• **Required action**:
Below are entries; copy exactly the lines from the one with "45W Type-C Cable" through the one with "Set de pictura", both included, and leave out the rest.

• **Input data**:
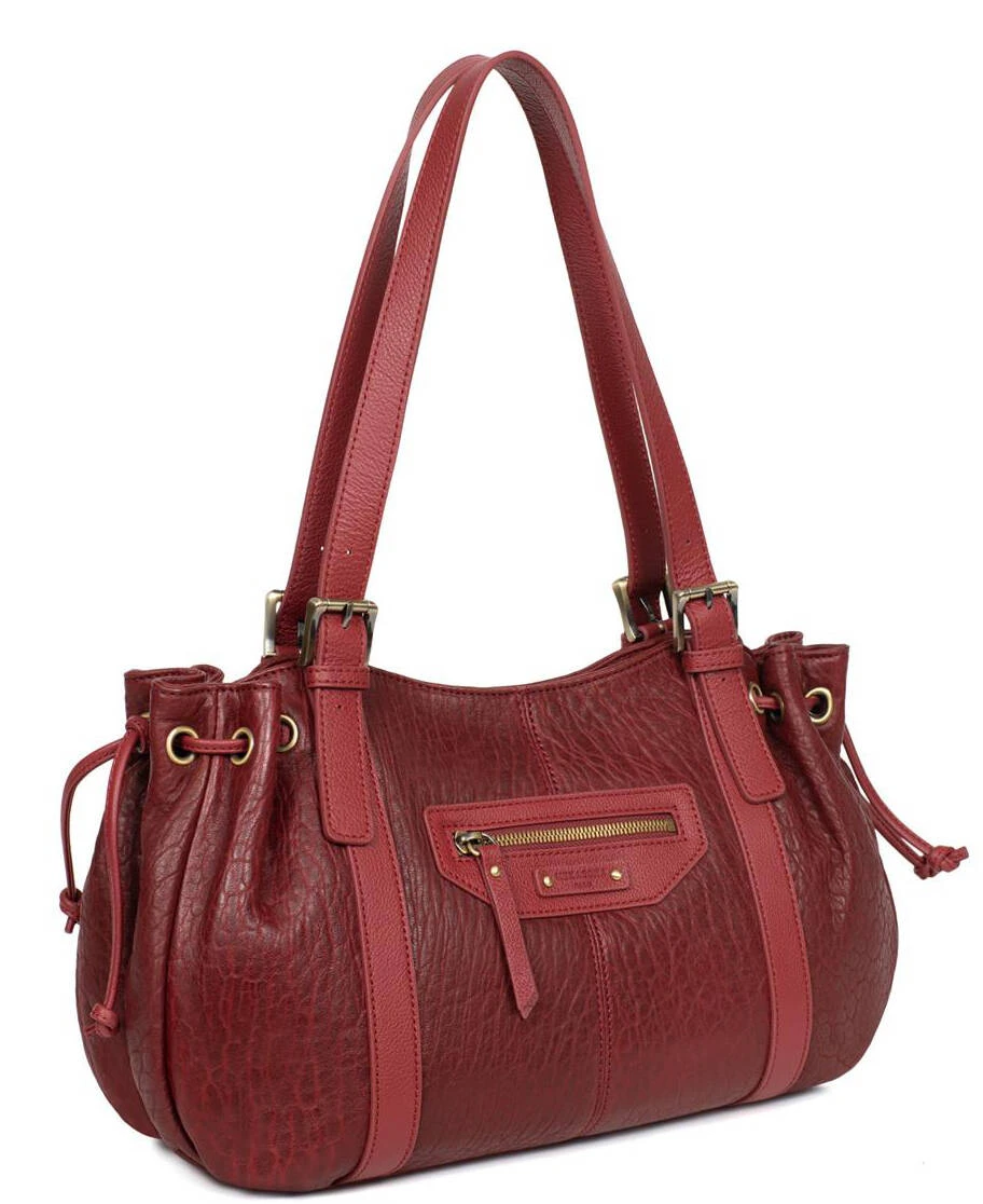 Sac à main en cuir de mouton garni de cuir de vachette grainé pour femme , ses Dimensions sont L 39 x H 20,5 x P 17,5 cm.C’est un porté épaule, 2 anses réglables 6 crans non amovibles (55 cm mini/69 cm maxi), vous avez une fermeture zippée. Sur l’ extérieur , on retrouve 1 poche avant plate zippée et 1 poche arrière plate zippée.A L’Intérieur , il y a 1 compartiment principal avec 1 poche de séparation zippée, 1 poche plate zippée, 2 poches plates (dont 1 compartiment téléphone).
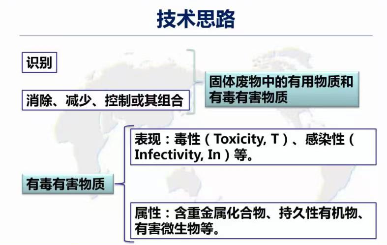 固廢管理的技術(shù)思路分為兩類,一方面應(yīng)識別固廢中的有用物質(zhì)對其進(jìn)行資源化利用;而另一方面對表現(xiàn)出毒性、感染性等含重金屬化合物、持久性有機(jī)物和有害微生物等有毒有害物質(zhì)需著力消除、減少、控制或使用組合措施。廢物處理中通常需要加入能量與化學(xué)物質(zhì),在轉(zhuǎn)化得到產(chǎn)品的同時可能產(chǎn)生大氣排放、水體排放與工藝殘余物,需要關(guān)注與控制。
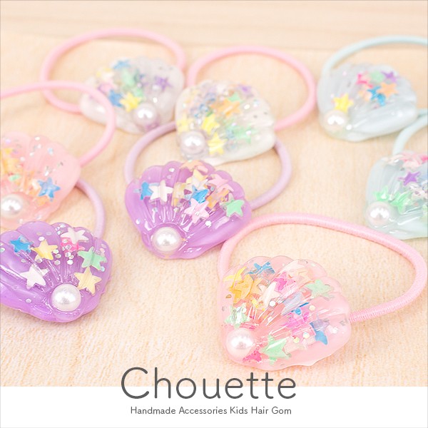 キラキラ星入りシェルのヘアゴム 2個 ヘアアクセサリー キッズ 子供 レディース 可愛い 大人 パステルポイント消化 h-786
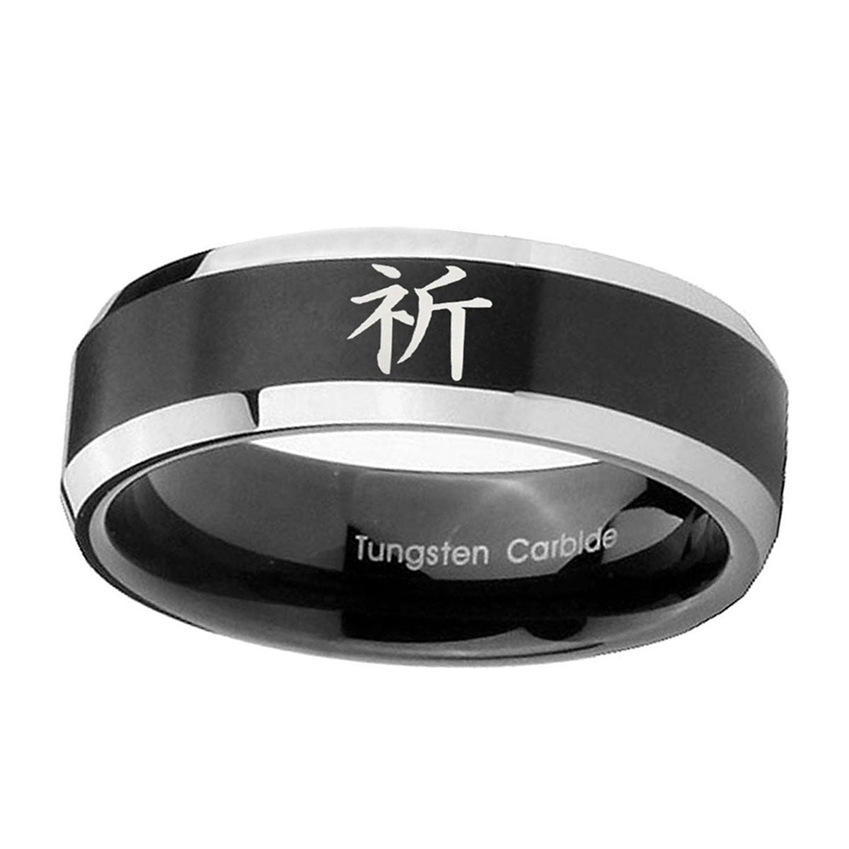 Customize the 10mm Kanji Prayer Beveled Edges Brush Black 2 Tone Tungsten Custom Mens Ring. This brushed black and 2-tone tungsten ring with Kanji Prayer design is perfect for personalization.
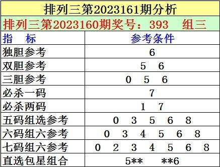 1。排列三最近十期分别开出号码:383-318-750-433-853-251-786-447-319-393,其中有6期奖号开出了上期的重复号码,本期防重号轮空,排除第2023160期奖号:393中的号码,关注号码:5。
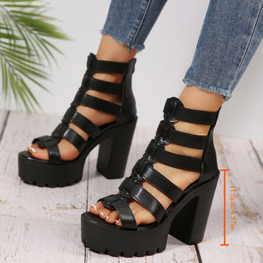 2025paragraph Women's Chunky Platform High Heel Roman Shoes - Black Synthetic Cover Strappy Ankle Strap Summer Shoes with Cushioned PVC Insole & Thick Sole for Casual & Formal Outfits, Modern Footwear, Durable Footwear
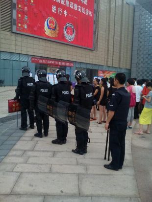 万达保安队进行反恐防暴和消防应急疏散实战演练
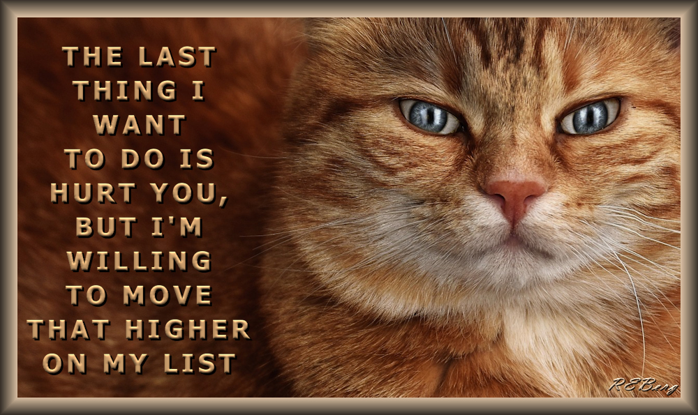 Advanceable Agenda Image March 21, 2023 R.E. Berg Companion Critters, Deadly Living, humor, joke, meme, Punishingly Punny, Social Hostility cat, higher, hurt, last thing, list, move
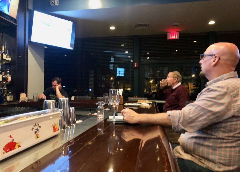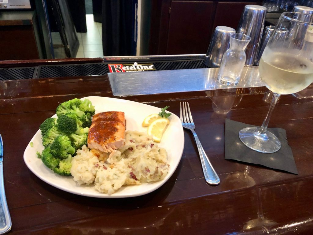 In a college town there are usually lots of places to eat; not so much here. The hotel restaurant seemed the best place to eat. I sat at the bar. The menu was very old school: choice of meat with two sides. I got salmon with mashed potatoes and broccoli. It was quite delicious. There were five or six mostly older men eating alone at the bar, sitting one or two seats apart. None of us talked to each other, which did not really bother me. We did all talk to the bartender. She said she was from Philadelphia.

* * *

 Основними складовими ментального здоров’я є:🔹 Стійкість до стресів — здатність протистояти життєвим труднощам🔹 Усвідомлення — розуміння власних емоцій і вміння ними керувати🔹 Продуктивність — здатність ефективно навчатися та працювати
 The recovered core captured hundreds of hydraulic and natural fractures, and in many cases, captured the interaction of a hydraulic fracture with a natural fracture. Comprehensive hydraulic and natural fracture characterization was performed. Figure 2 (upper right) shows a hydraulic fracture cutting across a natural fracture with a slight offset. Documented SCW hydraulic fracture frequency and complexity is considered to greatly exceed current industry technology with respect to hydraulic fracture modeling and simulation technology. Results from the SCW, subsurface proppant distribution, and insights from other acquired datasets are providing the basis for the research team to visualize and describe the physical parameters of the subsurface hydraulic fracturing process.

--

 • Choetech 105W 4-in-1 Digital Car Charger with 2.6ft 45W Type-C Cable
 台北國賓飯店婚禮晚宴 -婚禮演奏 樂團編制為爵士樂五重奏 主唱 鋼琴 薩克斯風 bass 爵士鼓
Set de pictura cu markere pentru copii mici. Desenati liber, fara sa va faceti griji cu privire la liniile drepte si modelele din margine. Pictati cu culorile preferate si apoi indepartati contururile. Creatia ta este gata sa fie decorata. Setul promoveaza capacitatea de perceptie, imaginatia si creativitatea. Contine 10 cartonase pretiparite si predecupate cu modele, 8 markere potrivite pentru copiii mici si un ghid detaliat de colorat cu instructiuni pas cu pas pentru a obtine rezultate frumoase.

• **Exercise solution**:
 • Choetech 105W 4-in-1 Digital Car Charger with 2.6ft 45W Type-C Cable
 台北國賓飯店婚禮晚宴 -婚禮演奏 樂團編制為爵士樂五重奏 主唱 鋼琴 薩克斯風 bass 爵士鼓
Set de pictura cu markere pentru copii mici. Desenati liber, fara sa va faceti griji cu privire la liniile drepte si modelele din margine. Pictati cu culorile preferate si apoi indepartati contururile. Creatia ta este gata sa fie decorata. Setul promoveaza capacitatea de perceptie, imaginatia si creativitatea. Contine 10 cartonase pretiparite si predecupate cu modele, 8 markere potrivite pentru copiii mici si un ghid detaliat de colorat cu instructiuni pas cu pas pentru a obtine rezultate frumoase.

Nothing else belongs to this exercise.